Don’t wait, like I did, until you’re on your own and miserable to read this work. Don’t feel you need to relate to witchcraft or spells. The cover hints at the Word Machine being a typewriter rather than the poets brain, the spells are a method of delivering the poems aimed at the subjects of the poem. The narrator has infiltrated the machine to import her words. I enjoyed them as they are, individually as poems. This collection takes us to places that I know and love, Paris, LA, Detroit. Perhaps it was the familiarity of the situations and the places that drew me to this book but, now in a different situation, I still have it near me, still in my bundle of books that I pick up regularly.

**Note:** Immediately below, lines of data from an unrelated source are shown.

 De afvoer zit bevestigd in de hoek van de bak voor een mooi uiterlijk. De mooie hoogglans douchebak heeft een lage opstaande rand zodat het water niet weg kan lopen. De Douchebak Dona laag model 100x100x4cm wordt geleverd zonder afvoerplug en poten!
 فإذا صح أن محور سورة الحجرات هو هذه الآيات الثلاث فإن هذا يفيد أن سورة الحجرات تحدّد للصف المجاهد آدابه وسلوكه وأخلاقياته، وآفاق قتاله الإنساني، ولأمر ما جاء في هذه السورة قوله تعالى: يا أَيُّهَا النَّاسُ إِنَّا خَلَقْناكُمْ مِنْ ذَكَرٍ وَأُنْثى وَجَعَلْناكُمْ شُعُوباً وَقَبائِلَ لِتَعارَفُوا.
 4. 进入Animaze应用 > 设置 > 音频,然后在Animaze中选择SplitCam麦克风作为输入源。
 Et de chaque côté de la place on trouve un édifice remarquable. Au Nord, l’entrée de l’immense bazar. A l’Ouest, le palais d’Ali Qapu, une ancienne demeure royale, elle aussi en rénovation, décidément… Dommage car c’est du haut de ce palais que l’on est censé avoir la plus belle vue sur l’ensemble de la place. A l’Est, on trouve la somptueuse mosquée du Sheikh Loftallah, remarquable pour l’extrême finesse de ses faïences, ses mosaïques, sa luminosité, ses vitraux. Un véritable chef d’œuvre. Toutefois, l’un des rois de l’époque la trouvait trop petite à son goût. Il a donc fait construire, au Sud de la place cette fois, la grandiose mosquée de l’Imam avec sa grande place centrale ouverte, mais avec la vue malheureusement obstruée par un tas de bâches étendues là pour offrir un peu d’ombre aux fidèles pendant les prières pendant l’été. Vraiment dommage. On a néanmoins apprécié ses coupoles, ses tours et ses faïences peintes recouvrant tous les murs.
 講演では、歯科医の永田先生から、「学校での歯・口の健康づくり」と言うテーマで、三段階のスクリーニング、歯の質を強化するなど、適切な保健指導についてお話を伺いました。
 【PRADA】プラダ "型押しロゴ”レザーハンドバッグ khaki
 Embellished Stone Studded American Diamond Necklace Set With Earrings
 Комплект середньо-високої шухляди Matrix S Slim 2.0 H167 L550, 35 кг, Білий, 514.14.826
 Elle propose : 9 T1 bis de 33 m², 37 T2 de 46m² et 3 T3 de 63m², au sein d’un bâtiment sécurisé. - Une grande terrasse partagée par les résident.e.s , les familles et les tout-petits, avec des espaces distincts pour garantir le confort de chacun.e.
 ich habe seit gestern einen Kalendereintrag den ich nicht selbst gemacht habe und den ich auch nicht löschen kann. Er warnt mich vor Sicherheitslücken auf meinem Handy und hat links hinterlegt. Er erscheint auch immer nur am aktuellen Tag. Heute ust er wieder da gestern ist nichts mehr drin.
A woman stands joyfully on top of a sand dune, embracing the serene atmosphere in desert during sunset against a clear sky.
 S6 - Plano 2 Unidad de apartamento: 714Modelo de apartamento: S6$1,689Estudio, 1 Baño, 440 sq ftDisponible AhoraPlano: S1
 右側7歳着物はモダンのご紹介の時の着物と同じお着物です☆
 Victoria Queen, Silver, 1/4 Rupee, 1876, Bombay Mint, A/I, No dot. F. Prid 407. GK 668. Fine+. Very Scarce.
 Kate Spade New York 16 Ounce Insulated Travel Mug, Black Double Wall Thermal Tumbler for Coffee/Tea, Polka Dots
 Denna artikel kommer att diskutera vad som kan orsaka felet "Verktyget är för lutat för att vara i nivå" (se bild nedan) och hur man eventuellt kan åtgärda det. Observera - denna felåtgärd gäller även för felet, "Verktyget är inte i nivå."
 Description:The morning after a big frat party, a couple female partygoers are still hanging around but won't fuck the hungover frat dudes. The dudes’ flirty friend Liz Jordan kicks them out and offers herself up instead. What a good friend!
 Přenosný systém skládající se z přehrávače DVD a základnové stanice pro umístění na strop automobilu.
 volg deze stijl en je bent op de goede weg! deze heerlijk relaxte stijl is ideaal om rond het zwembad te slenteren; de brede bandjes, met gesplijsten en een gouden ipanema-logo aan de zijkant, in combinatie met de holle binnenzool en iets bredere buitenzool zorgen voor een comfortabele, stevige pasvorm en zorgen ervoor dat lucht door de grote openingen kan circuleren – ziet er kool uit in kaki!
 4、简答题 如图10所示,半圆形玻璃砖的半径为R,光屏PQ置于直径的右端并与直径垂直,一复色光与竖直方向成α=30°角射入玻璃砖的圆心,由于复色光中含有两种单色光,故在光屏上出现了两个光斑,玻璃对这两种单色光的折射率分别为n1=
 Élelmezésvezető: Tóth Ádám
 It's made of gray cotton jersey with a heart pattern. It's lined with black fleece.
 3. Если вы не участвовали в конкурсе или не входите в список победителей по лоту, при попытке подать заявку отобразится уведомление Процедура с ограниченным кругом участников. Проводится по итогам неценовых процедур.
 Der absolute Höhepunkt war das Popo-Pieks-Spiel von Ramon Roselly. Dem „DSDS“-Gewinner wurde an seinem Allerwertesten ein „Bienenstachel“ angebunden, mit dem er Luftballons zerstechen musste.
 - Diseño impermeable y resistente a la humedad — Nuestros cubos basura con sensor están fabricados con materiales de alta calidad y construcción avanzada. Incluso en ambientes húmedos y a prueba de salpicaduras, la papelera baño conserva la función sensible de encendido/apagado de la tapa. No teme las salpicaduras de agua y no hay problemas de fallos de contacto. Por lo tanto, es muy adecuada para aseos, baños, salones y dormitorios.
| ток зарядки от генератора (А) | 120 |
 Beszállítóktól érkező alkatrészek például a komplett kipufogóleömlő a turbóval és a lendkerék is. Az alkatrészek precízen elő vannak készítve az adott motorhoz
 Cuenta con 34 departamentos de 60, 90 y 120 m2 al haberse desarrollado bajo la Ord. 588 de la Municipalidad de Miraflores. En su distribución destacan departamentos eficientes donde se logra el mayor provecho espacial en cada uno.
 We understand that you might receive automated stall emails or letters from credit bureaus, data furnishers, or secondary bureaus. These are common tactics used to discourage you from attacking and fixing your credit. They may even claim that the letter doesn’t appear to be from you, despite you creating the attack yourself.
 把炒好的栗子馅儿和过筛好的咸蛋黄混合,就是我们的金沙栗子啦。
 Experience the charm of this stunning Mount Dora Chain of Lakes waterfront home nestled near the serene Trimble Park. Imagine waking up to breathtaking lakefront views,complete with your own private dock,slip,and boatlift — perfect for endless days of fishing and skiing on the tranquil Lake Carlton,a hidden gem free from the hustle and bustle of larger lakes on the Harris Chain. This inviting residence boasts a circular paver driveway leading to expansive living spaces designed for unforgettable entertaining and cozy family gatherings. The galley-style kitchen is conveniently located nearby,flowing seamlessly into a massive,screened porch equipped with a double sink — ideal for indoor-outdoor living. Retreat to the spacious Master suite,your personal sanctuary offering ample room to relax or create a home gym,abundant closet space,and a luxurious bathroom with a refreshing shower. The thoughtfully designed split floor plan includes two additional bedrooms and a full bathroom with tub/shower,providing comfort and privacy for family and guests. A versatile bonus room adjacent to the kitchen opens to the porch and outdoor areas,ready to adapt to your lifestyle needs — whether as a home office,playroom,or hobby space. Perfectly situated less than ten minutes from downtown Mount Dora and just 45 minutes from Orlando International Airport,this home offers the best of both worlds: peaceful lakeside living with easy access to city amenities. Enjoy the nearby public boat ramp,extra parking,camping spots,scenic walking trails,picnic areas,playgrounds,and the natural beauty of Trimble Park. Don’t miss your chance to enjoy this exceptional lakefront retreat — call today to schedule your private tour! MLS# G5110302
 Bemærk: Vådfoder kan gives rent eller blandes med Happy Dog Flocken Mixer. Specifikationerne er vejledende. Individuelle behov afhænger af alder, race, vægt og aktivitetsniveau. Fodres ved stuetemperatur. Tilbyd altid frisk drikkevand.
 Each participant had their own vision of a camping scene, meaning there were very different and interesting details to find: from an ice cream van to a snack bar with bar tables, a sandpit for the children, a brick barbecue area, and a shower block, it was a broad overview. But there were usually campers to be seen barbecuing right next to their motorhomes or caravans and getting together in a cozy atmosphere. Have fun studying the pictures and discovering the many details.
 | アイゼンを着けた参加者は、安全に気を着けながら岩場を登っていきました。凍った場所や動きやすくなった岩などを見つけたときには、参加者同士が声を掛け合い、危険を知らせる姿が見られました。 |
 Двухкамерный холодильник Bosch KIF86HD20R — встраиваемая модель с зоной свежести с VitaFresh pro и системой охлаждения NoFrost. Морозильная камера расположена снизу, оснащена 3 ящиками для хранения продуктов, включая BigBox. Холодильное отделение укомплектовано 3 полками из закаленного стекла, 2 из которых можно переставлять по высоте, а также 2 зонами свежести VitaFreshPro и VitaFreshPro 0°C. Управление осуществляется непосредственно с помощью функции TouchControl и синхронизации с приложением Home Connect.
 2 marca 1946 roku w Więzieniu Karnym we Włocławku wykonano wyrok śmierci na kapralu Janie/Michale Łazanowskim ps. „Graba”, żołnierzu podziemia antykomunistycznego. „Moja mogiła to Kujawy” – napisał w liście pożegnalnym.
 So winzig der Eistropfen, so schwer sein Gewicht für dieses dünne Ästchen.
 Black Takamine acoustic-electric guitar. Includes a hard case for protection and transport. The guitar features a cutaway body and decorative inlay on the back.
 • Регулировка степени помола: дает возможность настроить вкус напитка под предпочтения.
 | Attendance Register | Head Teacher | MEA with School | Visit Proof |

Spell For Hope And Renewal
Take rain cold and sharp, the
bite of wind,
two good claw marks, the
estranged
Ways of sunshine, bring
common warmth,
an idea of harmony,
acceptance
of discord out there in all the
great
beyond and even, in the
valleys.
If you like political poetry what about the anthologies which came out last year with the support of the Scottish branch of PEN International. “Declarations” – brought out by Sotland Street Press (with a preface by Tom Devine) to commemorate the 700th anniversary of the Declaration of Arbroath
https://scottishpen.org/declarations-on-freedom-for-writers-and-readers/
and – “A Kist of Thistles” (ed Jim Aitken, pub. Culture Matters)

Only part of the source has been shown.